* WORK REQUIRED
Could you please reproduce every record below exactly, leaving out the pictures?

^^^^^^^^

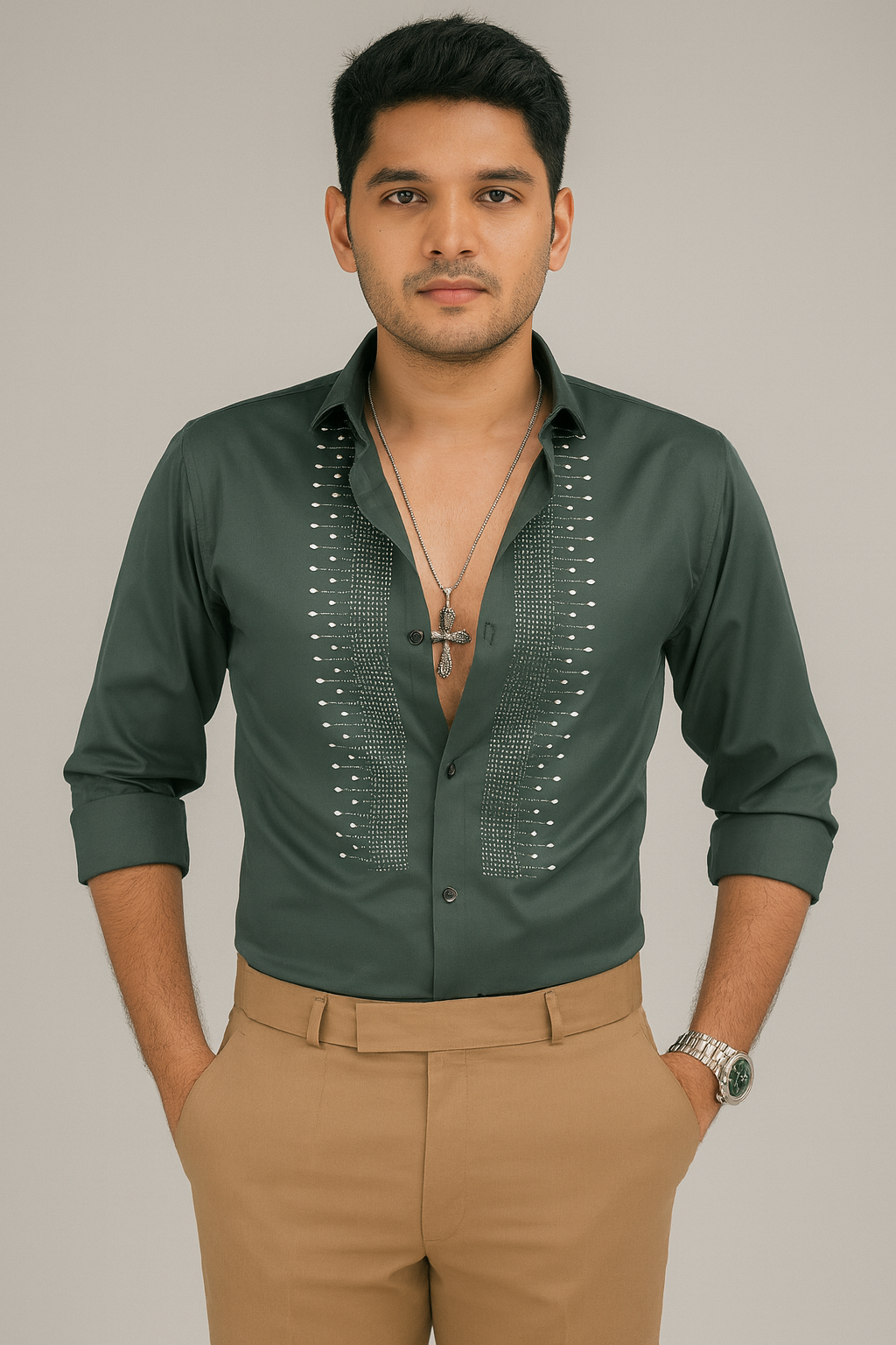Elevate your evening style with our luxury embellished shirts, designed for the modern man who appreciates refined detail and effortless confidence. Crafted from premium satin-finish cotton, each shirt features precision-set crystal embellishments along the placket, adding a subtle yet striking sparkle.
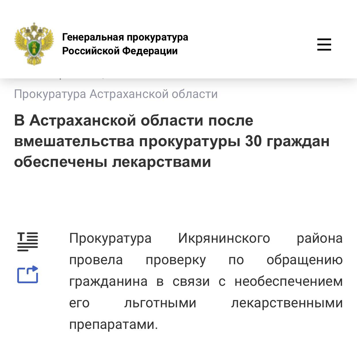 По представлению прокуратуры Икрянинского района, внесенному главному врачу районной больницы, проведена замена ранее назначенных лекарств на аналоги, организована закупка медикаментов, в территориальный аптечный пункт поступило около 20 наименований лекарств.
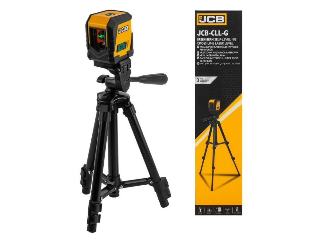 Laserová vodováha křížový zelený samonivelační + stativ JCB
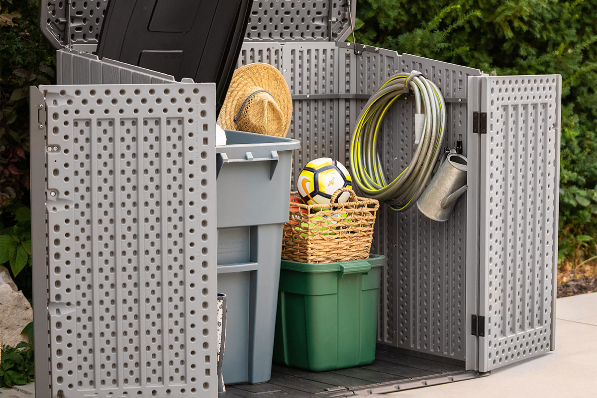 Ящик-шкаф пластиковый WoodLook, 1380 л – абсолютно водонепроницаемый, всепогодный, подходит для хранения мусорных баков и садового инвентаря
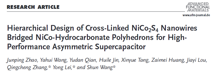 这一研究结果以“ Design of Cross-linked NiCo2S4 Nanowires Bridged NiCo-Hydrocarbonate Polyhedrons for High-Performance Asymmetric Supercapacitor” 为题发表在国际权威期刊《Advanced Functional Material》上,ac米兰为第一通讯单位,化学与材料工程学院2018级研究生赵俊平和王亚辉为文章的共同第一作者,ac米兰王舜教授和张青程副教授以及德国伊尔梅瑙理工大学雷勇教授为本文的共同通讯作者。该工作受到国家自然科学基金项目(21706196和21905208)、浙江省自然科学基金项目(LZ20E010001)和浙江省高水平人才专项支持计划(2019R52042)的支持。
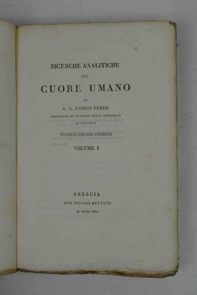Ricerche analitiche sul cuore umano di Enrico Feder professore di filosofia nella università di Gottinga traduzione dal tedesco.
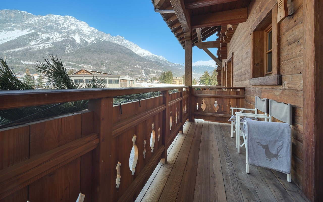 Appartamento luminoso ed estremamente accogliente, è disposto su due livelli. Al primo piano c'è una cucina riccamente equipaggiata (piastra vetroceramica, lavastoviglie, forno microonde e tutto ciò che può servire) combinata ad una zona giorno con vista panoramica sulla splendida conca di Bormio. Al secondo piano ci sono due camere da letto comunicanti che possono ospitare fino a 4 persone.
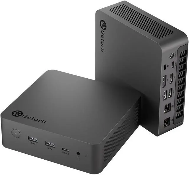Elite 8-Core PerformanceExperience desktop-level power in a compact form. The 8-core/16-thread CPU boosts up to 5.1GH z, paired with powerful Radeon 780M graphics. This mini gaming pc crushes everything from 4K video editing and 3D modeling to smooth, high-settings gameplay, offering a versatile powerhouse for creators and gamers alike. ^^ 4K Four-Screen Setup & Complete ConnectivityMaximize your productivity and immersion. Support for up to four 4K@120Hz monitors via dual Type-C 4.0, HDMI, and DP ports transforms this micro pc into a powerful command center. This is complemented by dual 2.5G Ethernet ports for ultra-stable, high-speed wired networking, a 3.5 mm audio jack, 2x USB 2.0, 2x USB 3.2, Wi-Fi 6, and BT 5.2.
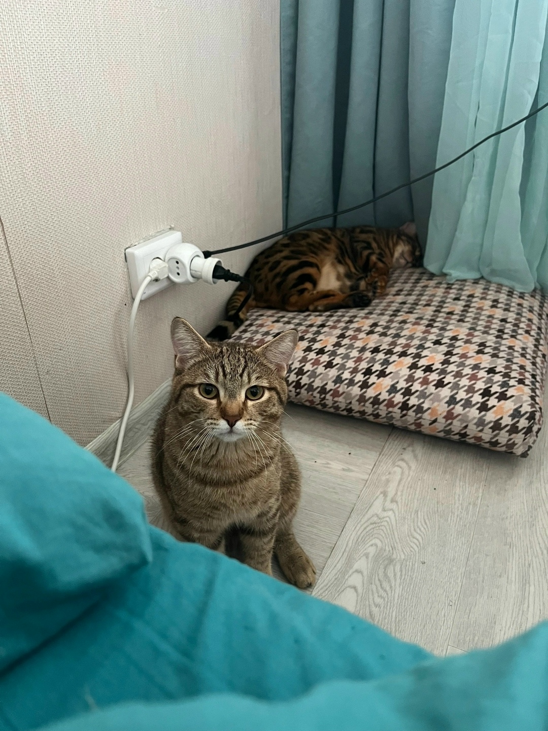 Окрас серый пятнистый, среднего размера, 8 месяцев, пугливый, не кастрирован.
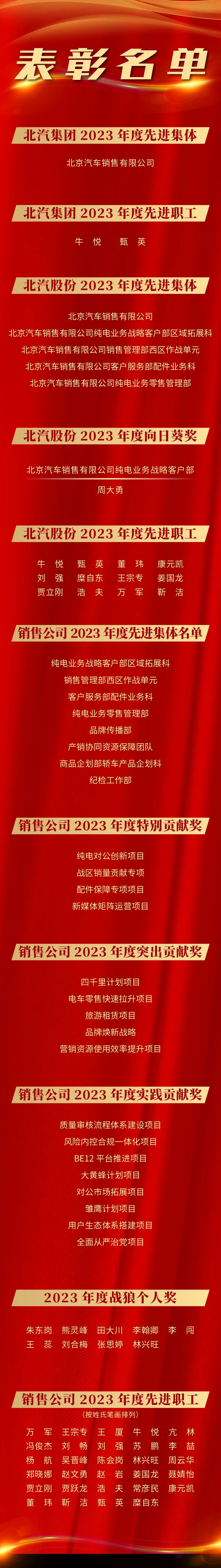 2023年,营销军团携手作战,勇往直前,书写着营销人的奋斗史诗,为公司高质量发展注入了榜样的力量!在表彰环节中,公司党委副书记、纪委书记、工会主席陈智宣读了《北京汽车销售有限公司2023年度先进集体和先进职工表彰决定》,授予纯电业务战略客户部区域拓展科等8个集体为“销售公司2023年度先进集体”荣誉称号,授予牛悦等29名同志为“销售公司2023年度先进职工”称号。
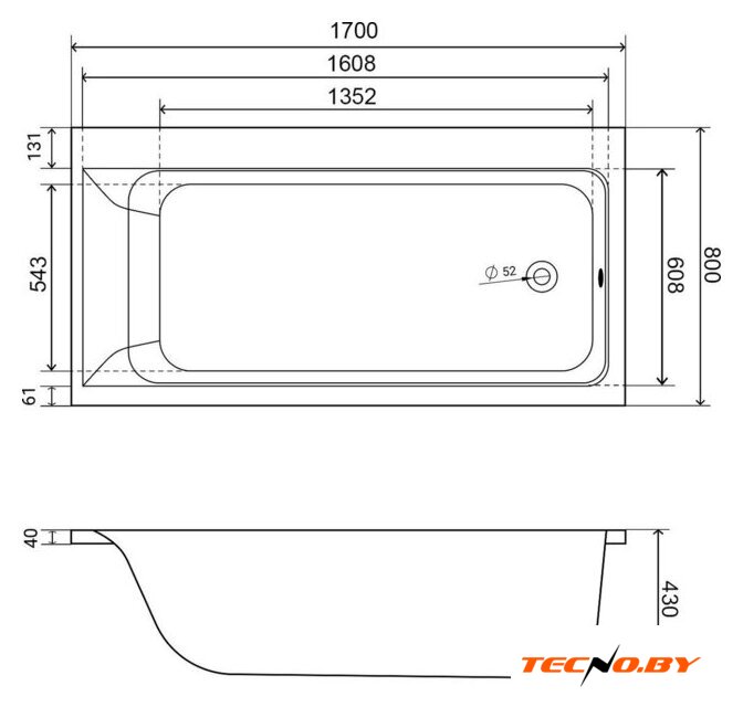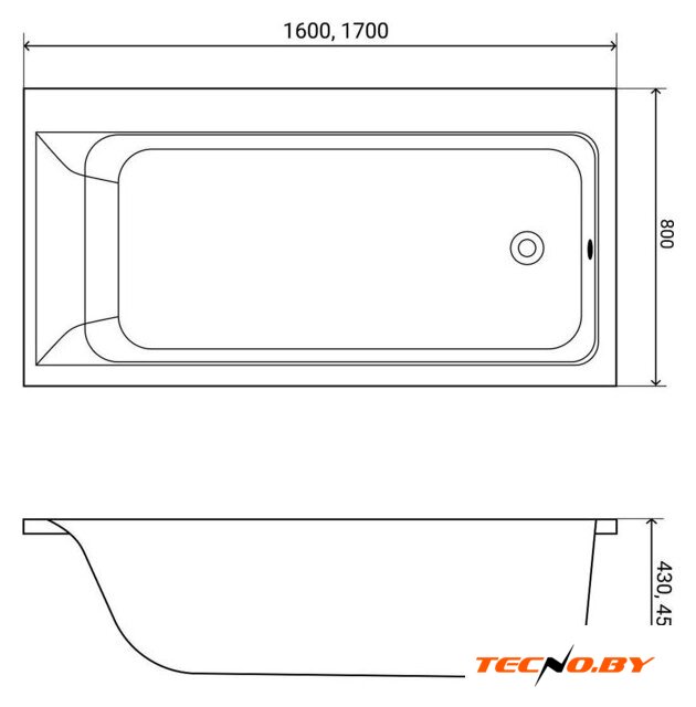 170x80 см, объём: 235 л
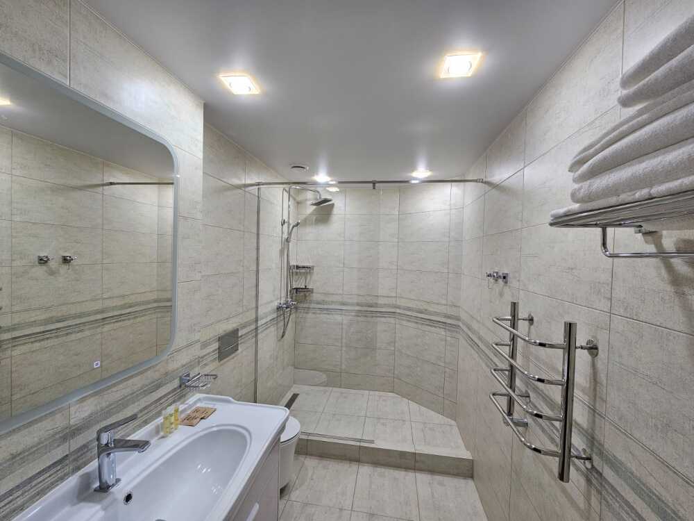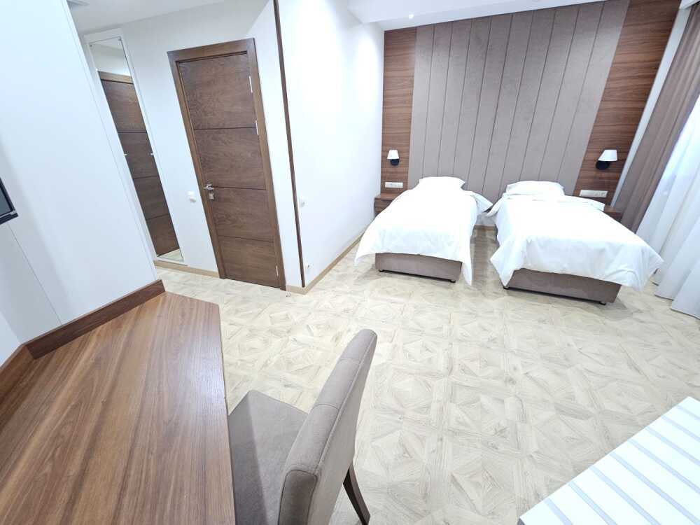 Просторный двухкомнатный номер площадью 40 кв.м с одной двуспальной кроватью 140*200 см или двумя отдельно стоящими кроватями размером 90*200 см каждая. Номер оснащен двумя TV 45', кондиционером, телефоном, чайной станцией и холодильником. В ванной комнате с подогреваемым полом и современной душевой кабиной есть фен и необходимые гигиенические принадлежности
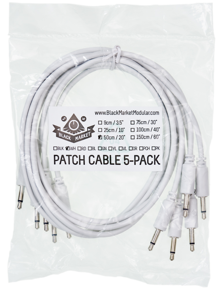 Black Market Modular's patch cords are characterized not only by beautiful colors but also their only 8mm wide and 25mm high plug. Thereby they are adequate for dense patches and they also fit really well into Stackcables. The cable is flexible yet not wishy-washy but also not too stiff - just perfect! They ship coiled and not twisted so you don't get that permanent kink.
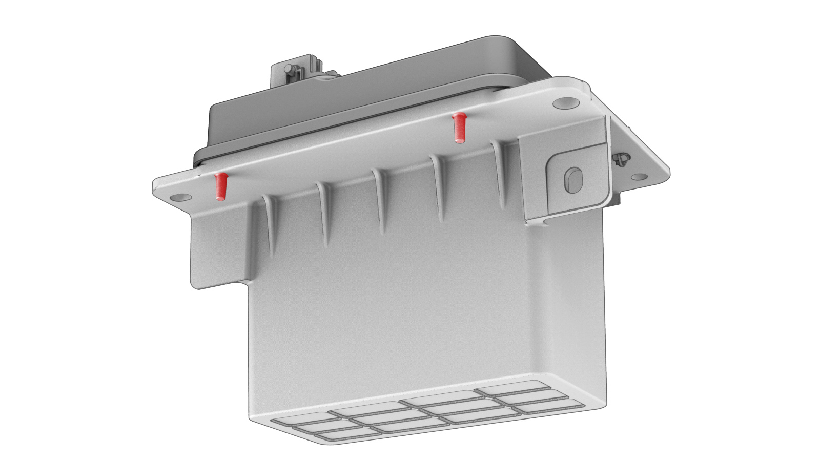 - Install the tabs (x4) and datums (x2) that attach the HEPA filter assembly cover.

^^^^^^^^

* TASK RESPONSE
Elevate your evening style with our luxury embellished shirts, designed for the modern man who appreciates refined detail and effortless confidence. Crafted from premium satin-finish cotton, each shirt features precision-set crystal embellishments along the placket, adding a subtle yet striking sparkle.
 По представлению прокуратуры Икрянинского района, внесенному главному врачу районной больницы, проведена замена ранее назначенных лекарств на аналоги, организована закупка медикаментов, в территориальный аптечный пункт поступило около 20 наименований лекарств.
 Laserová vodováha křížový zelený samonivelační + stativ JCB
 Ящик-шкаф пластиковый WoodLook, 1380 л – абсолютно водонепроницаемый, всепогодный, подходит для хранения мусорных баков и садового инвентаря
 这一研究结果以“ Design of Cross-linked NiCo2S4 Nanowires Bridged NiCo-Hydrocarbonate Polyhedrons for High-Performance Asymmetric Supercapacitor” 为题发表在国际权威期刊《Advanced Functional Material》上,ac米兰为第一通讯单位,化学与材料工程学院2018级研究生赵俊平和王亚辉为文章的共同第一作者,ac米兰王舜教授和张青程副教授以及德国伊尔梅瑙理工大学雷勇教授为本文的共同通讯作者。该工作受到国家自然科学基金项目(21706196和21905208)、浙江省自然科学基金项目(LZ20E010001)和浙江省高水平人才专项支持计划(2019R52042)的支持。
Ricerche analitiche sul cuore umano di Enrico Feder professore di filosofia nella università di Gottinga traduzione dal tedesco.
 Appartamento luminoso ed estremamente accogliente, è disposto su due livelli. Al primo piano c'è una cucina riccamente equipaggiata (piastra vetroceramica, lavastoviglie, forno microonde e tutto ciò che può servire) combinata ad una zona giorno con vista panoramica sulla splendida conca di Bormio. Al secondo piano ci sono due camere da letto comunicanti che possono ospitare fino a 4 persone.
Elite 8-Core PerformanceExperience desktop-level power in a compact form. The 8-core/16-thread CPU boosts up to 5.1GH z, paired with powerful Radeon 780M graphics. This mini gaming pc crushes everything from 4K video editing and 3D modeling to smooth, high-settings gameplay, offering a versatile powerhouse for creators and gamers alike. ^^ 4K Four-Screen Setup & Complete ConnectivityMaximize your productivity and immersion. Support for up to four 4K@120Hz monitors via dual Type-C 4.0, HDMI, and DP ports transforms this micro pc into a powerful command center. This is complemented by dual 2.5G Ethernet ports for ultra-stable, high-speed wired networking, a 3.5 mm audio jack, 2x USB 2.0, 2x USB 3.2, Wi-Fi 6, and BT 5.2.
 Окрас серый пятнистый, среднего размера, 8 месяцев, пугливый, не кастрирован.
 2023年,营销军团携手作战,勇往直前,书写着营销人的奋斗史诗,为公司高质量发展注入了榜样的力量!在表彰环节中,公司党委副书记、纪委书记、工会主席陈智宣读了《北京汽车销售有限公司2023年度先进集体和先进职工表彰决定》,授予纯电业务战略客户部区域拓展科等8个集体为“销售公司2023年度先进集体”荣誉称号,授予牛悦等29名同志为“销售公司2023年度先进职工”称号。
 170x80 см, объём: 235 л
 Просторный двухкомнатный номер площадью 40 кв.м с одной двуспальной кроватью 140*200 см или двумя отдельно стоящими кроватями размером 90*200 см каждая. Номер оснащен двумя TV 45', кондиционером, телефоном, чайной станцией и холодильником. В ванной комнате с подогреваемым полом и современной душевой кабиной есть фен и необходимые гигиенические принадлежности
 Black Market Modular's patch cords are characterized not only by beautiful colors but also their only 8mm wide and 25mm high plug. Thereby they are adequate for dense patches and they also fit really well into Stackcables. The cable is flexible yet not wishy-washy but also not too stiff - just perfect! They ship coiled and not twisted so you don't get that permanent kink.
 - Install the tabs (x4) and datums (x2) that attach the HEPA filter assembly cover.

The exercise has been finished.